Promoter screening and identification for metabolic regulation in Acremonium chrysogenum

Acremonium chrysogenum is the major industrial producer of cephalosporin C (CPC), which is used as raw material for the production of significant cephalosporin antibiotics. Due to the lack of diverse promoter elements, the development of metabolic engineering transformation is relatively slow, resulting in a limited improvement on CPC production. In this study, based on the analysis of the transcriptome profile, 27 candidate promoters were selected to drive the expression of the reporter genes. The promoter activities of this library ranged from 0.0075 to 101 times of the control promoter PAngpdA. Simultaneously, a rapid screening method for potential bidirectional promoters was developed and 4 strong bidirectional promoters from 27 candidate options were identified and validated. Finally, the Golden Gate method was employed to combine promoter modules from the library with various target genes. Through a mixed transformation and screening process, high‐yielding strains AG‐6, AG‐18, and AG‐41 were identified, exhibiting an increase in CPC production of 30%, 35%, and 29%, respectively, compared to the control strain Ac‐∆axl2:: eGFP. Therefore, the utilization of this promoter library offers a broader range of synthetic biology toolkits for the genetic engineering transformation of A. chrysogenum, thus establishing a solid foundation for the precise regulation of gene expression.

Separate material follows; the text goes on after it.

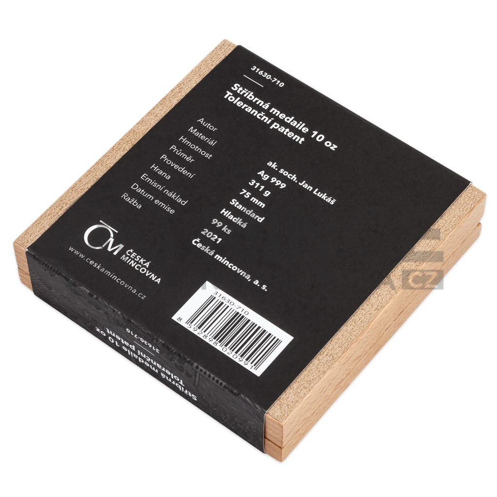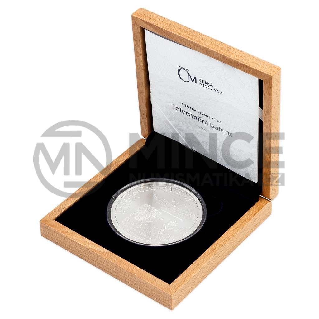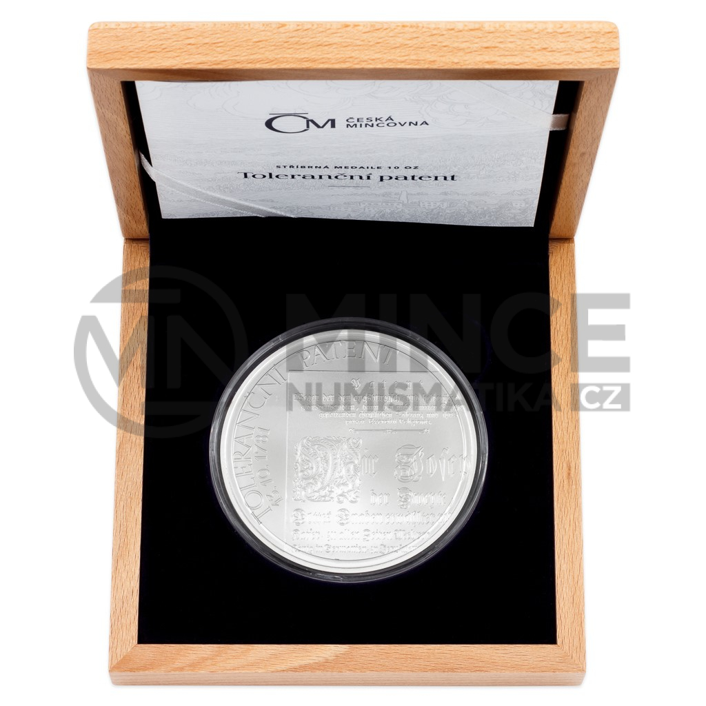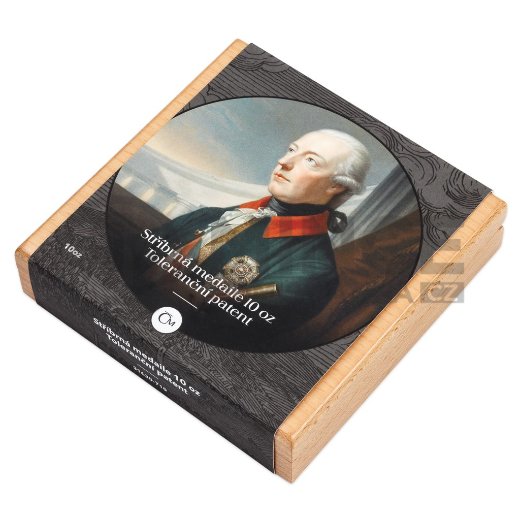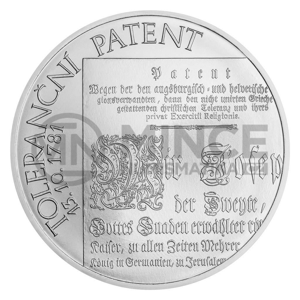 Stříbrná medaile České mincovny o hmotnosti deseti trojských uncí připomíná vydání přelomového dokumentu Josefa II. – takzvaného tolerančního patentu.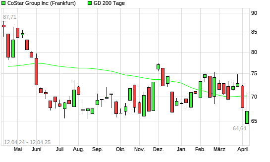 Mit dem Rücksetzer auf 66,95 EUR hat die CoStar-Aktie am 11.04.2025 die 200-Tage-Linie nach unten gekreuzt.

Graphical and Lay Summary Acremonium chrysogenum, a key producer of cephalosporin C (CPC), faces challenges in metabolic engineering due to limited promoter diversity. This study addressed these limitations by identifying and validating 27 candidate promoters, along with four strong bidirectional ones through transcriptome analysis. By combining these promoters with Golden Gate assembly, we achieved random combinations of genetic elements and enhance CPC production, paving the way for future genetic engineering advancements in A. chrysogenum.